= Beginning of Section =

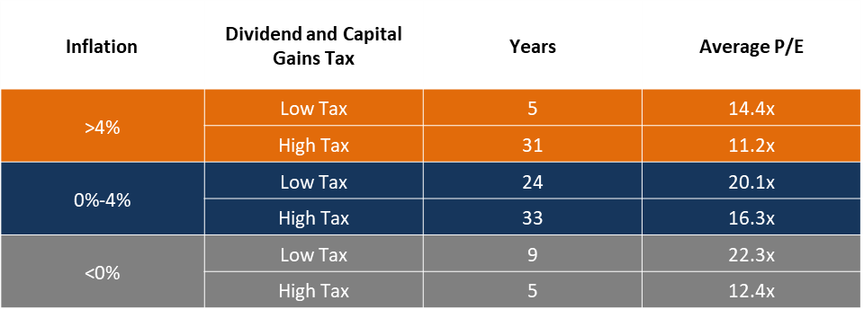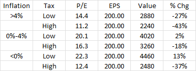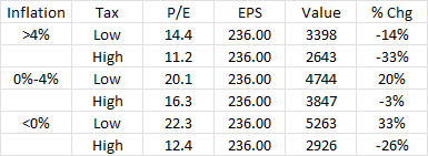 Remember this table? It shows various P/E ratios given inflation and tax environments experienced over the past 100+ years.
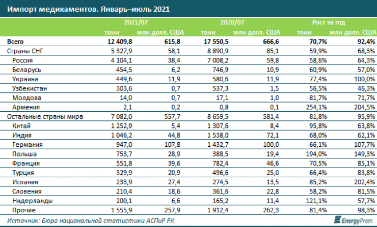 За полгода в страну завезли 12,4 тысячи тонн медикаментов на сумму 615,8 миллиона долларов. На страны СНГ пришлось 5,3 тысячи тонн, что на 59,9 процента больше, чем годом ранее. Здесь основным поставщиком с начала года стала Россия.
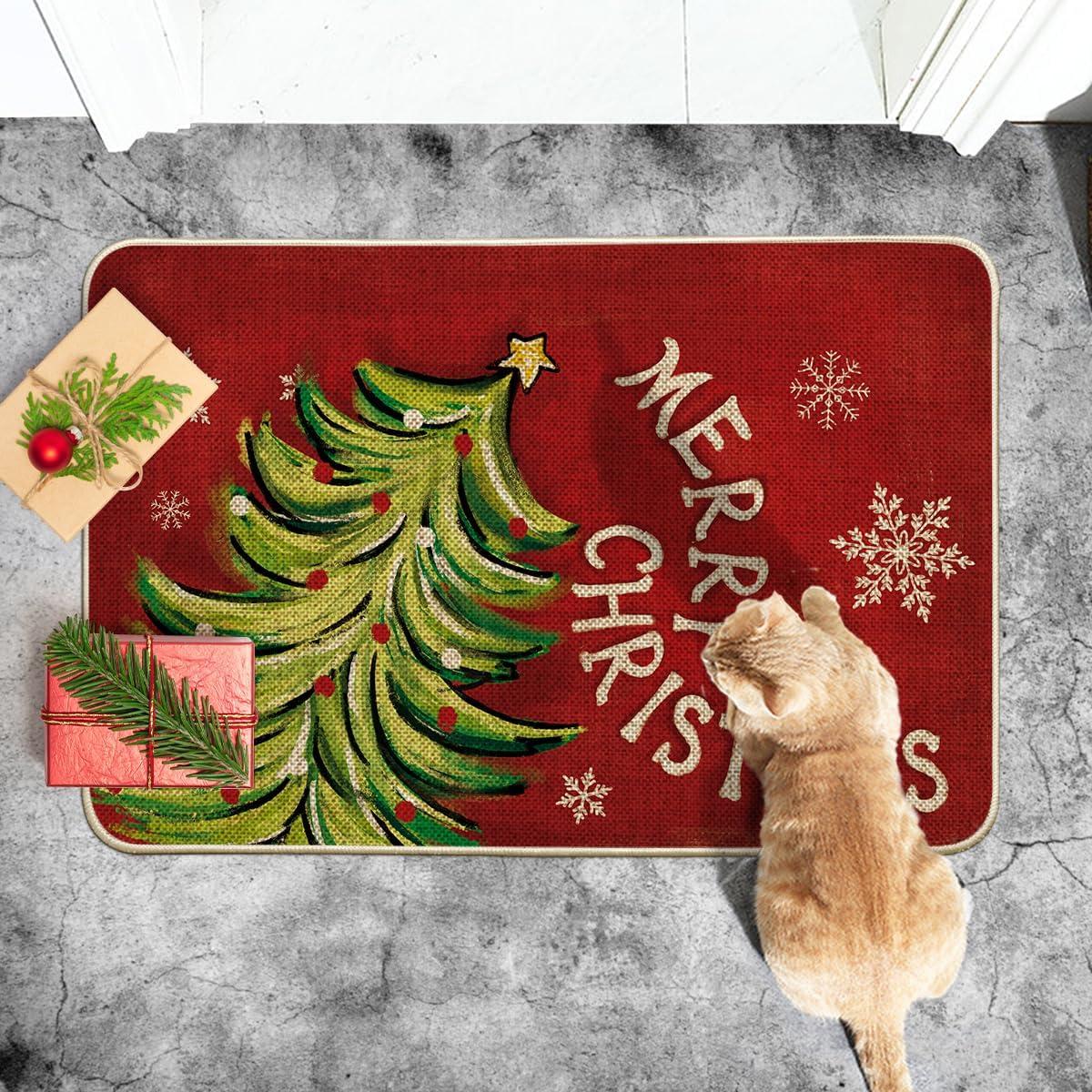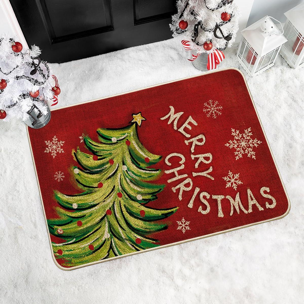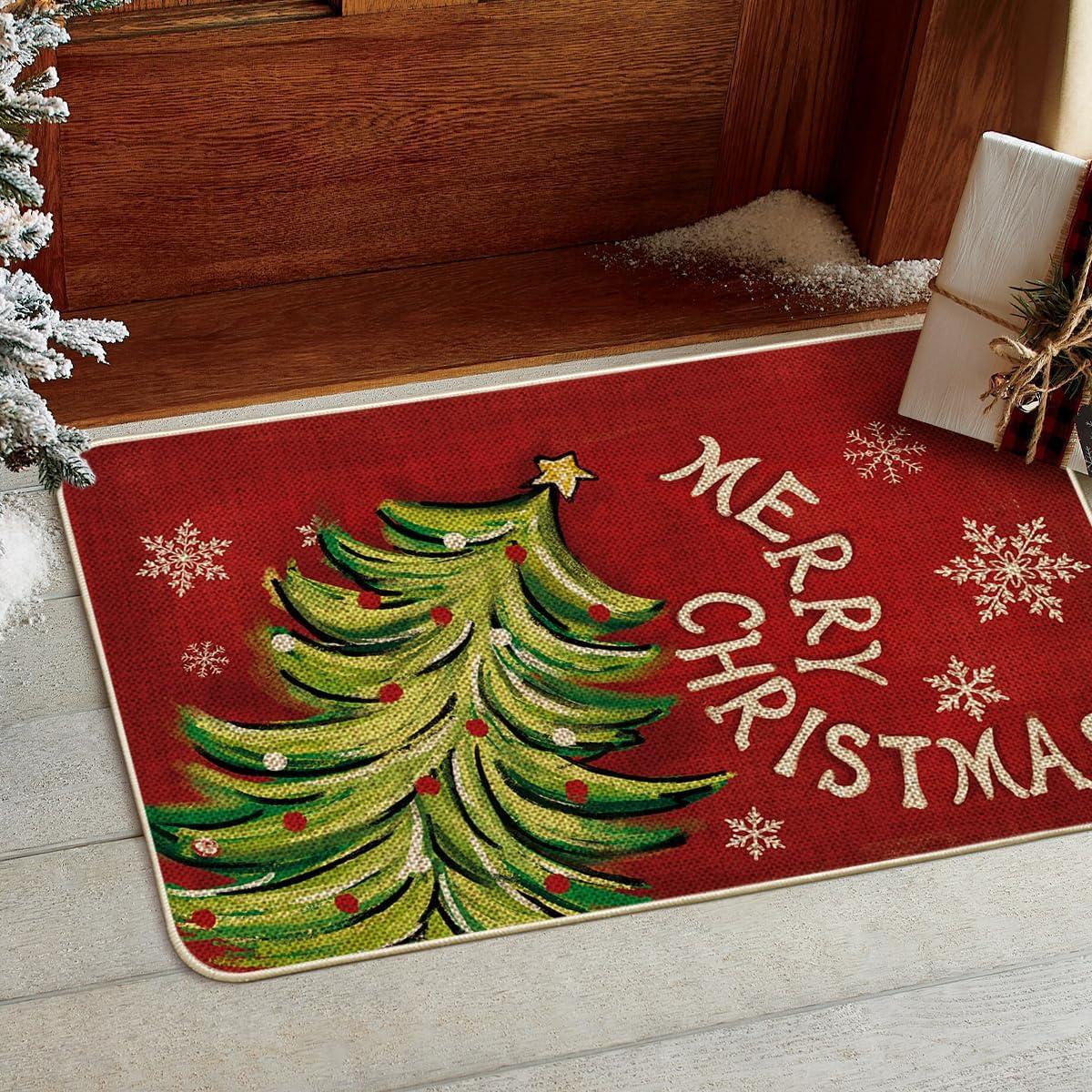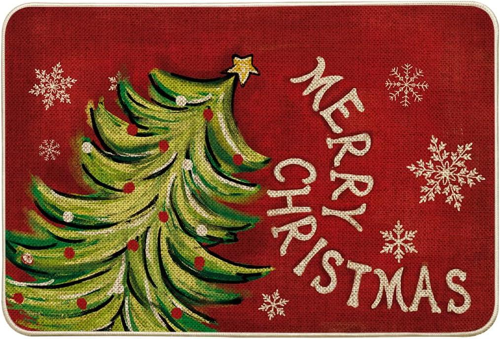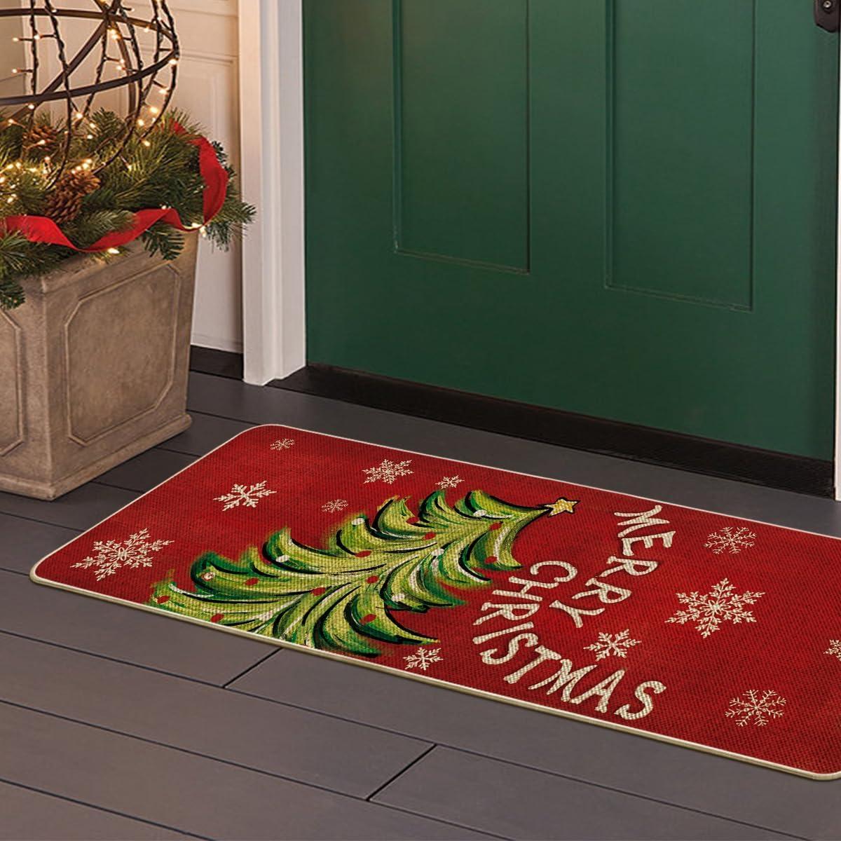 Artoid Mode Black Holly Mistletoe Merry Christmas Doormat, Xmas Winter Home Decor Switch Rug Door Mat 17×29 Inch(Red)
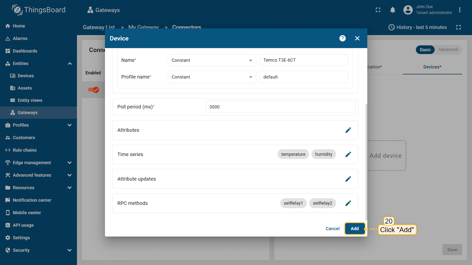 • Fill in the “Host” and “Port” fields (you can find this information in the T3000 software). Fill in the “Device name” and “Device profile name” with “Temco T3E-6CT” and “default” respectively. Poll period is set to 3000 ms (you can change it according to your needs);
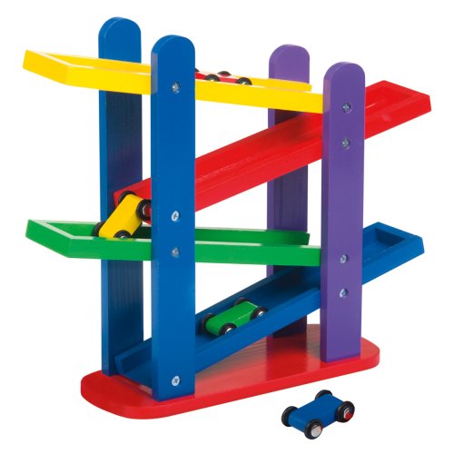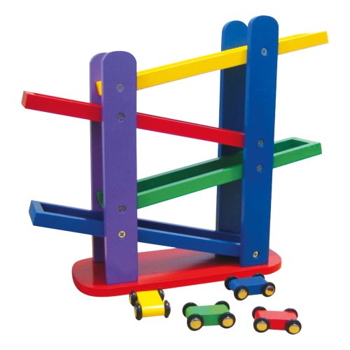 Drevená autodráha so štyrmi farebnými autíčkami, ktoré vďaka preklopeniu ľahko zdolávajú kaskádu farebných cestičiek. Postavte autíčko na najvyššiu časť autodráhy a sledujte čo urobí! Zábavná hračka nielen pre chlapcov, ktorú si deti zamilujú.
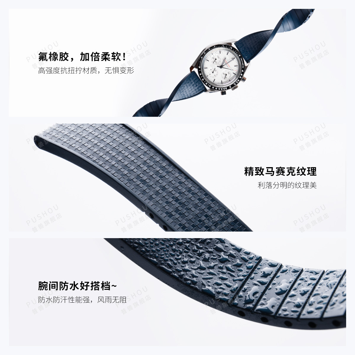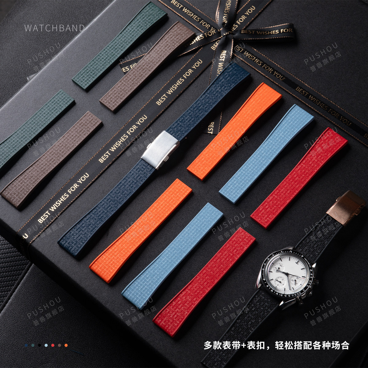通用快拆氟橡胶手表带适用美度精工浪琴万国欧米茄汉密尔顿罗西尼 - 普兽旗舰店
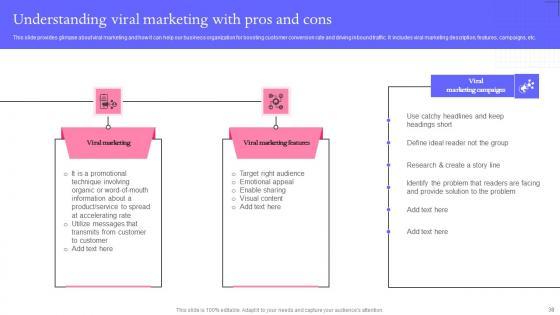 Use this Buzz Marketing Techniques For Engaging Qualified Lead Complete Deck to ensure the business world gets to know you as a presentation expert with tremendous recall value. With its focus on providing the worlds best designs to highlight business ideas that have the potential to change the world, this PPT Template is sure to win you clients. The complete deck in Fifty eight slides is a compendium of information, structured in a manner that provides the best framework for a presentation. Use this completely editable and customizable presentation to make an impact and improve your order book. Download now. Our Buzz Marketing Techniques For Engaging Qualified Lead Complete Deck are topically designed to provide an attractive backdrop to any subject. Use them to look like a presentation pro.
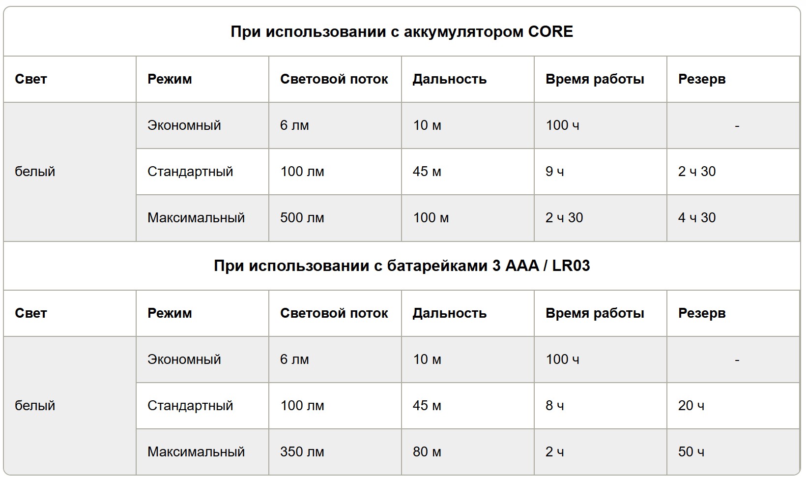 - HYBRID CONCEPT: фонарь также можно использовать с обычными батарейками ААА, однако при этом показатель максимального светового потока изменяется на значение 350 люмен
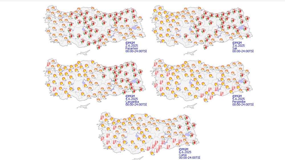 Kurban Bayramı arefesinde ise sıcaklıklar zirveyi görecek. MGM’nin 2-8 Haziran haftası tahminleri şöyle:
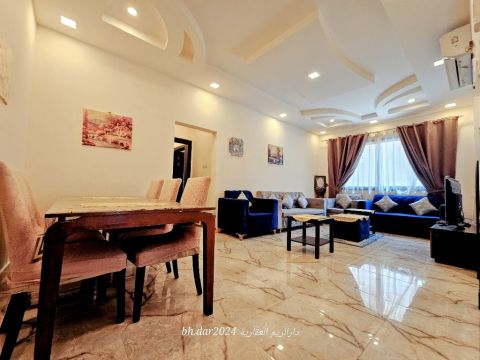 Hidd - City/ A luxurious fully furnished apartment for rent with a sea view. It consists of 3 bedrooms + 4 bathrooms + a spacious living room + a maid's room × a large kitchen + a balcony × 2 car parking spaces. The rental price is 430 dinars including electricity. For contact/ call

= End of Section =

● TASK BRIEF
Whenever a picture appears, leave it out, and return every record exactly.

● WRITTEN RESPONSE
 Remember this table? It shows various P/E ratios given inflation and tax environments experienced over the past 100+ years.
 За полгода в страну завезли 12,4 тысячи тонн медикаментов на сумму 615,8 миллиона долларов. На страны СНГ пришлось 5,3 тысячи тонн, что на 59,9 процента больше, чем годом ранее. Здесь основным поставщиком с начала года стала Россия.
 Artoid Mode Black Holly Mistletoe Merry Christmas Doormat, Xmas Winter Home Decor Switch Rug Door Mat 17×29 Inch(Red)
 • Fill in the “Host” and “Port” fields (you can find this information in the T3000 software). Fill in the “Device name” and “Device profile name” with “Temco T3E-6CT” and “default” respectively. Poll period is set to 3000 ms (you can change it according to your needs);
 Drevená autodráha so štyrmi farebnými autíčkami, ktoré vďaka preklopeniu ľahko zdolávajú kaskádu farebných cestičiek. Postavte autíčko na najvyššiu časť autodráhy a sledujte čo urobí! Zábavná hračka nielen pre chlapcov, ktorú si deti zamilujú.
通用快拆氟橡胶手表带适用美度精工浪琴万国欧米茄汉密尔顿罗西尼 - 普兽旗舰店
 Use this Buzz Marketing Techniques For Engaging Qualified Lead Complete Deck to ensure the business world gets to know you as a presentation expert with tremendous recall value. With its focus on providing the worlds best designs to highlight business ideas that have the potential to change the world, this PPT Template is sure to win you clients. The complete deck in Fifty eight slides is a compendium of information, structured in a manner that provides the best framework for a presentation. Use this completely editable and customizable presentation to make an impact and improve your order book. Download now. Our Buzz Marketing Techniques For Engaging Qualified Lead Complete Deck are topically designed to provide an attractive backdrop to any subject. Use them to look like a presentation pro.
 - HYBRID CONCEPT: фонарь также можно использовать с обычными батарейками ААА, однако при этом показатель максимального светового потока изменяется на значение 350 люмен
 Kurban Bayramı arefesinde ise sıcaklıklar zirveyi görecek. MGM’nin 2-8 Haziran haftası tahminleri şöyle:
 Hidd - City/ A luxurious fully furnished apartment for rent with a sea view. It consists of 3 bedrooms + 4 bathrooms + a spacious living room + a maid's room × a large kitchen + a balcony × 2 car parking spaces. The rental price is 430 dinars including electricity. For contact/ call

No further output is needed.